PERO el chiste se cuenta solo. Cuando los medios retomaron una nota del diario israelí The Marker, que relataba un pleito entre empresarios por una supuesta “inversión” (eufemismo para soborno) hacia el entonces presidente, Peña reaccionó indignado. “¡Dolo! ¡Mala fe! ¡Difamación!” clamó desde la distancia (y desde un campo de golf, quizá). Asegura que la nota fue tergiversada y que, como buen patriota, lleva a México “tatuado en el corazón”. ¿Será al lado de las iniciales de Videgaray?

ABUNDAN los tropiezos lingüísticos de nuestro expresidente cuando recurre al humor involuntario como estrategia de defensa. Ya antes nos había regalado joyas retóricas como aquella vez que confundió a Carlos Fuentes con otro autor y no pudo recordar ni el nombre de los libros que supuestamente lo marcaron. ¿Quién no ha leído “La silla del águila” de Shakespeare? En otra ocasión, nos regaló un instante de física cuántica aplicada a la aviación: “Estamos a un minuto de aterrizar, a menos, yo creo como a cinco minutos.” La lógica del espacio-tiempo peñanietista aún es materia de estudio en universidades de ciencia ficción.

VOLVIENDO a Pegasus, Peña se escuda en que las empresas proveedoras ya estaban desde antes, que él no sabe qué hacían, que no las conoce. Y uno no puede evitar pensar: ¿Entonces, para qué queríamos Presidente? ¿Para que dijera discursos entrecortados en fechas patrias y se le olvidaran los nombres de los estados? La cereza del pastel la puso al decir que ya no regresa a México porque su tiempo ya pasó, que mantiene “una prudente distancia”. Claro, más que prudencia, lo suyo parece precaución con tintes de exilio dorado. Mientras juega golf en España, los mexicanos siguen esperando justicia, memoria y algo de dignidad institucional.

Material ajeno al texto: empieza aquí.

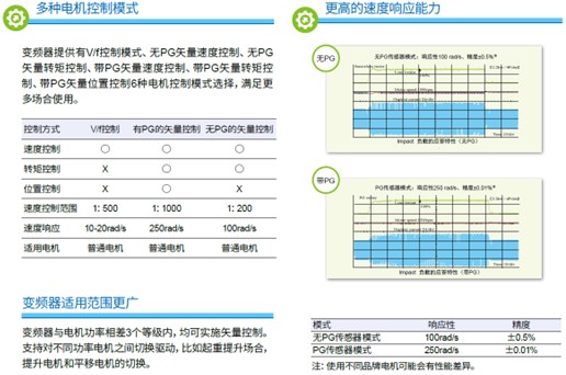 凭借我司独特的先进高性能电流闭环矢量控制技术和电机参数自检功能,实现了更高的精度控制和高响应速度

POR lo pronto, Peña sigue en lo suyo: negando responsabilidades con una sonrisa de “yo qué voy a saber”. Y nosotros, desde este Nido de Víboras, sólo podemos constatar que a veces el humor más negro no lo escribe un guionista, sino la realidad política mexicana. Porque en el país donde los expresidentes se dicen inocentes con discursos de concurso escolar, lo único que queda claro es que seguimos pagando muy caro ese kilo de tortillas.